И заснул безмятежно, бездумно, как мальчик.

Часа через два к нему пришел пан Гулыга с перевязанной головой.

– Друг мой, ты угостил меня дьявольским ударом. Я горжусь своим учеником. Прости меня за жестокий урок, но теперь я за тебя спокоен. Ты выдержишь любой поединок. Такого рыцаря, как ты, я хотел бы иметь возле себя в бою. – Пан Гулыга торжественно прижал обе руки к сердцу.

– Я готов, мой учитель, быть в бою рядом с тобой.

– Друг мой, твое счастье и твоя слава – в Польше. В Польше твои таланты расцветут, ибо их оценят. Русские упрямы. Они никак не забудут времена Смуты. Они боятся нас и не верят нам, а мы хотим дружбы русского царя. Если силы русских и поляков соединятся, не только турки будут молить пощады, ползая у наших ног, – во всей Европе не найдется силы, которая могла бы нам противостоять!

– Какие великие планы!

– Да, мой мальчик. И от нас с тобой зависит не в малой степени, осуществятся они или нет.

Вошла Пани:

– Оставьте его, пан Гулыга. Ему нужен покой.

– Мне хорошо, – ответил Донат. – Я подумал было… Но теперь понял – вы мои друзья.

– Не разговаривай! Тебе нужно как можно скорее поправиться. А пану Гулыге пора в дорогу…

– Учитель, вы уезжаете?

Пан Гулыга церемонно поклонился Донату. Большой, благодушный, добрый. А вот глазами сыграть не сумел – цепные псы. Зрачки, как стоячая вода в болоте, – черны и бездонны. Половину своей улыбки пан Гулыга оставил для Пани, и она, как цветок, схваченный огнем, сжалась, померкла:

– Пан Гулыга едет к моему брату. У нас кончаются деньги.

Сказала быстро, опустив ресницы.

Поцеловала Доната в лоб, взяла пана Гулыгу под руку и увела.

Донат отыскал в проталине на окне кусочек синего неба и улыбнулся ему глазами. Почему-то вспомнилась девица Евдокия, что приходила к Прошке Козе муку просить… Вспомнилась на единый миг – ее проглотили цепные псы пана Гулыги. Почему он так смотрел на него? Чего испугалась Пани?

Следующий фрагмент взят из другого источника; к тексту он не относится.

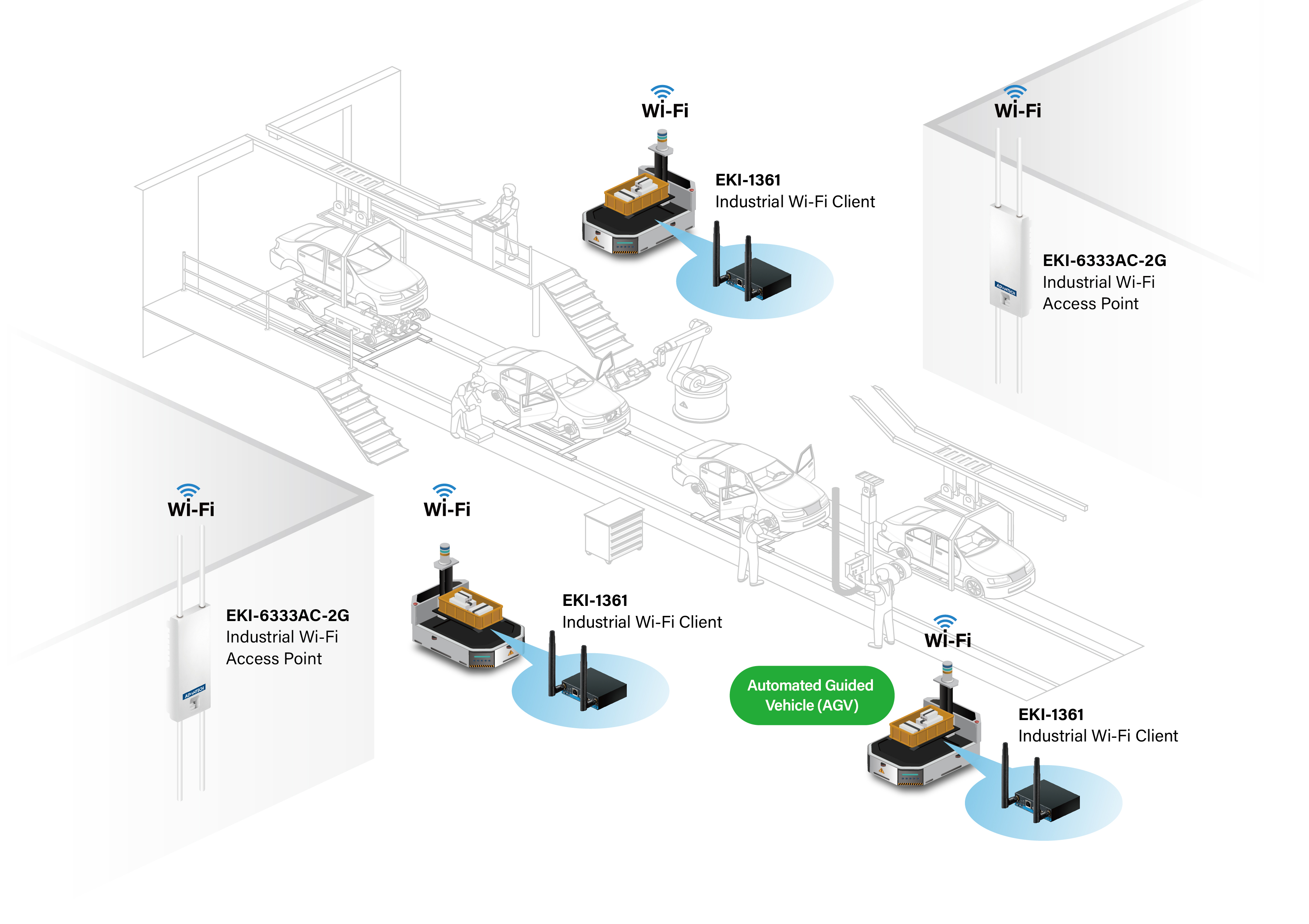 For this case, an integrated RGV solution was used to automate the production line and provide a flexible manufacturing system. Battery pack production lines were equipped with rails and RGV trolleys for handling materials and transporting battery cells and modules. To provide wireless communication capabilities, Advantech’s EKI-1361 Wi-Fi clients and EKI-6333AC-2G Wi-Fi access points (APs) were leveraged as key components.

Стал перебирать в памяти утреннее происшествие. Боевая сабля Гулыги. Его урок, похожий на убийство. Сбегающая по ступеням подвала Пани: «Ты убил его!.. Плашмя? Слава Богу! Действительно, плашмя…» А ведь она не обрадовалась, что пан Гулыга уцелел. «Действительно, плашмя…» Странное сочувствие… Подумалось: «Уж не прислуживает ли госпожа Пани слуге пану Гулыге? Кто истинный хозяин этого таинственного дома?»

Пани была внимательной сиделкой, быстро и ловко перевязывала рану.

Донат притворился спящим, дышал ровно, чуть приоткрыл рот, да он и вправду, наверное, вздремнул… И вдруг увидал, по щекам Пани катятся слезы.

– Я спасу тебя от него! – сказал громко Донат. Пани вскрикнула, вскочила, подбежала к дверям, метнулась к нему:

– Молчи! Молчи! Никогда не говори об этом. Он всеведущ и всесилен.

«Пойти к Гавриле – и быть всесильному на плахе», – усмехнулся про себя Донат. И тут же подумал о том, что никуда он не пойдет: рядом с головой Гулыги ляжет на ту же плаху голова Пани.

– Мой мальчик, – шептала она, стоя на коленях у постели, – мне так страшно! Наш дом – это клетка. У меня подрезаны оба крыла. Я жду беды. Я боюсь.

– Я убью Гулыгу!

– Нет, нет! – Пани закрыла ладонью рот Донату. – Молчи! Я даже свою служанку боюсь. Мне иной раз кажется, что это не я нашла ее, а она меня. Мне кажется, что она только притворяется немой.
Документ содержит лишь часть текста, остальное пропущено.